>-
| Question Type | What You're Asking | Go To |
|---|---|---|
| Describe | What does the data look like? | Descriptive Statistics |
| Compare | Are these groups different? | Comparison Tests |
| Relate | Do these variables move together? | Correlation & Regression |
| Predict | What will happen next? | Regression & Modeling (beyond this skill — use ML) |
| Classify | Does this differ from expected? | Goodness-of-Fit Tests |
| Factor | Options | Why It Matters |
|---|---|---|
| Number of groups | 1, 2, or 3+ | Determines which test family to use |
| Paired or independent? | Same subjects measured twice vs. different subjects | Paired tests are more powerful but require matched data |
| Variable type | Continuous (interval/ratio) vs. categorical (nominal/ordinal) | Determines parametric vs. non-parametric |
| Sample size | Small (< 30) vs. large (≥ 30) | Small samples need non-parametric or exact tests |
| Distribution shape | Normal vs. skewed vs. unknown | Parametric tests assume normality |
Use these to summarize and understand data before testing anything.

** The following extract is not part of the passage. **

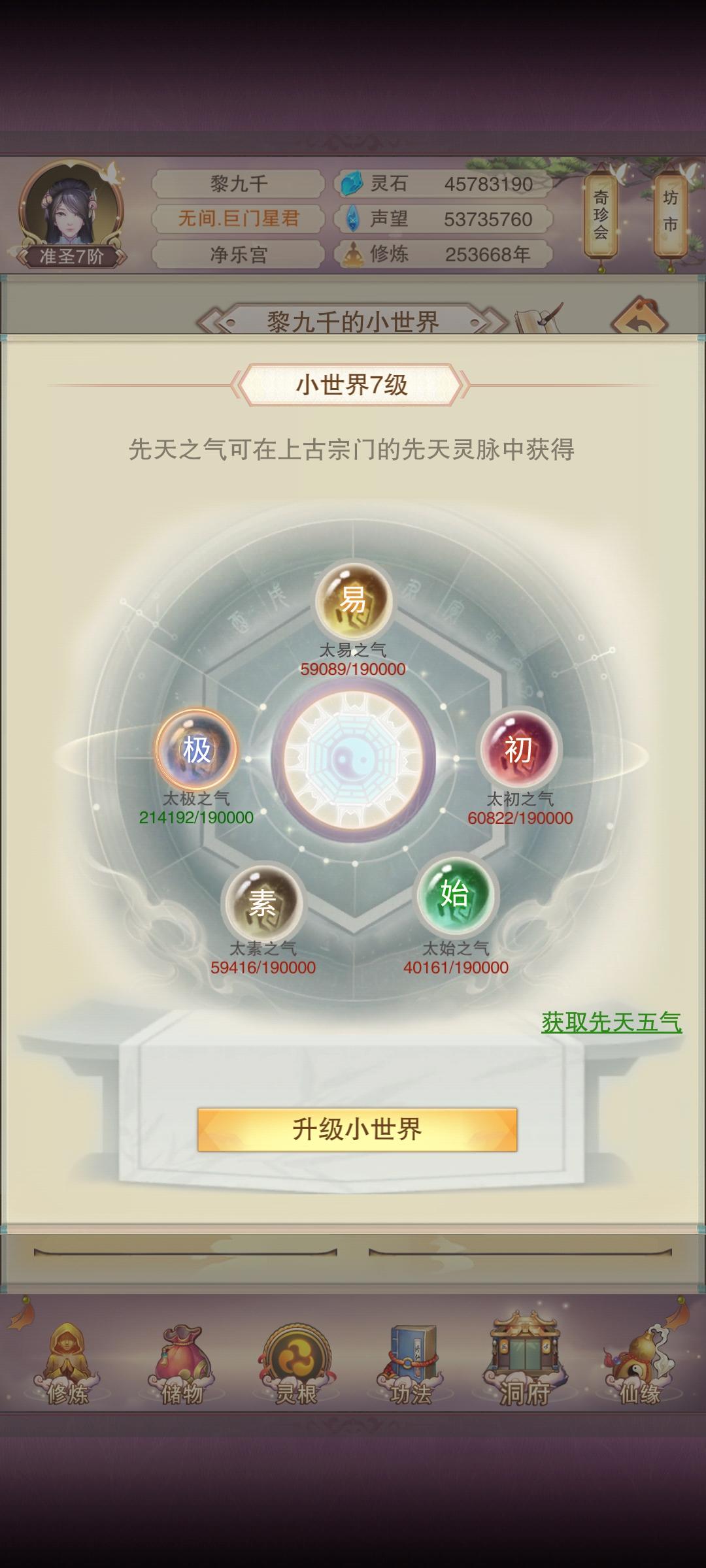 时隔2月(大概)防御属性破千万;上台感言:有一说一其实快坐化了,游戏看的少了关注的也少了唯一的乐趣就是在群里和道友们插科打诨吃吃瓜,如果没有昨天这个更新爆料那大概率,千万属性以后就坐化了。修为方面:彻底放弃修为(因为没用了),五转渡劫丹我都不买了,紫气留着(大用,根本不够用);属性方面:由于阿鬼的产能太低,使得我对游戏没有盼头(例如:夕阳游戏谁敢充钱)。所以氪金很早就已经停了。接下来目标是吃

| Measure | When to Use | Sensitive To |
|---|---|---|
| Mean | Symmetric, roughly normal data | Outliers (a single extreme value shifts it) |
| Median | Skewed data or when outliers are present | Nothing — robust by design |
| Mode | Categorical data or multimodal distributions | Ties, small samples |
Rule: If mean ≠ median by more than 10–15%, the data is skewed — prefer median.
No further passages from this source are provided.